As for Butler himself, it’s an easy answer when I ask what his glass is. “White, no doubt, oat milk – sign me up. Each time. For the rest of my life. Any time of the day, I drink before bed, I drink 10 times in a row.” I’m surprised by his response. As an Australian, I’m used to the flat white (one shot of espresso, two shots of milk) being a must-have style, but I tell Butler I’m surprised by his choice because it’s not common in the US. “EXACTLY!” he shouts happily, “Do you see what I’ve done? A lot of people in America still don’t know that.” He tells me he’s excited to go to Australia, not just for the sights, but because he’s heard that any coffee shop can make him a flat white without asking what it is. This summer, he’s traveling with his family to New Zealand and Australia, and he’s already mapped out the coffee shops he wants to visit while he’s there, or places he’s heard about.
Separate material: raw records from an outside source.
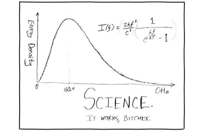 But first, let’s talk about that fabulous XKCD cartoon at the start. I’ve always loved it. The solid curve is the pattern of radiation we expect to be emitted from something very, very cool (2.73 K). That something just happens to be the entire universe, at a point about 0.4 million years after it all started, when it was cool enough to allow photons to escape.
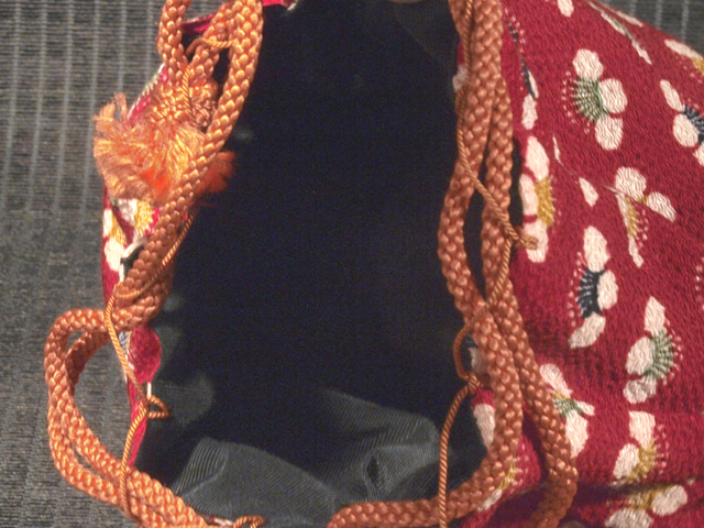 猩々緋(しょうじょうひ)色の地に横梅の文様が染められた縮緬の竹籠巾着です。 横から見た梅の花が小粋でかわいらしいですね。シボの大きな縮緬地です。 ユーズド品と思われますが、しみやよごれ、褪色などのダメージはなく、とてもきれいな状態です。 |
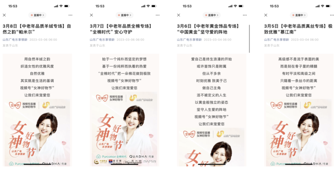 早在進(jìn)軍視頻號(hào)之前,「山東廣電樂享銀齡」作為“銀發(fā)經(jīng)濟(jì)”賽道內(nèi)的生活型品牌 IP,已經(jīng)在山東當(dāng)?shù)匦纬闪顺瑥?qiáng)的品牌勢(shì)能壁壘,并在最近幾年基于公信力背書,通過直播帶貨模式,推動(dòng)了更多的跨界合作。在探索出一條可持續(xù)的新型經(jīng)營(yíng)模式的同時(shí),他們成為了銀發(fā)經(jīng)濟(jì)類目的直播標(biāo)桿。
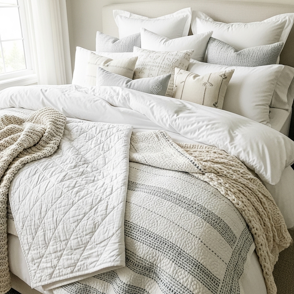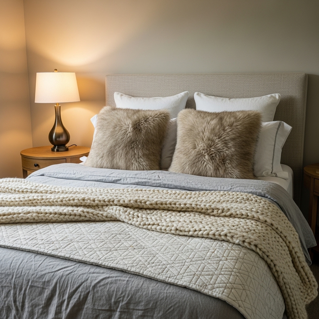 Soft textures can make a room feel instantly inviting. Mix throws, chunky knit blankets, faux fur pillows, linen bedding, and cotton quilts to create a layered look that feels rich and comfortable.
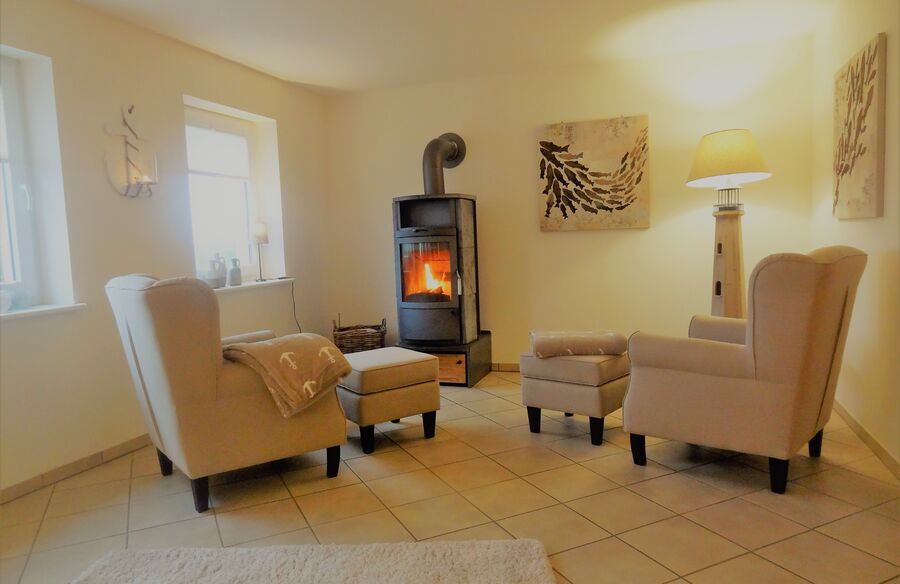 Wohn- und Esszimmerbereich: großer Esstisch mit vier Stühlen, zwei gemütliche Ohrensessel mit Fußablage-Hocker, Brennofen, Fußbodenheizung
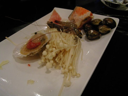 把蔬菜跟丸子丟入鍋子之後,剩下來的海鮮跟金針菇。同樣的,海鮮真的不錯吃耶!

One thing is for sure: Butler’s love of coffee is second only to basketball when it comes to his professional life. At 32, he still has a lot in the tank when it comes to the NBA, but I ask him if when his playing days are over, we’ll see him donning an apron and taking his competitiveness to the world of barista contests.

“I want to do this now!” Butler says enthusiastically: “I should probably copyright this… ‘Big Face Barista Brawl’ no fights, no fights – just plain milk art. No time to practice, you go now. I want in because I just want to be booed off stage. I feel like I need this in my life. Please boo me, because it’s going to be really bad.”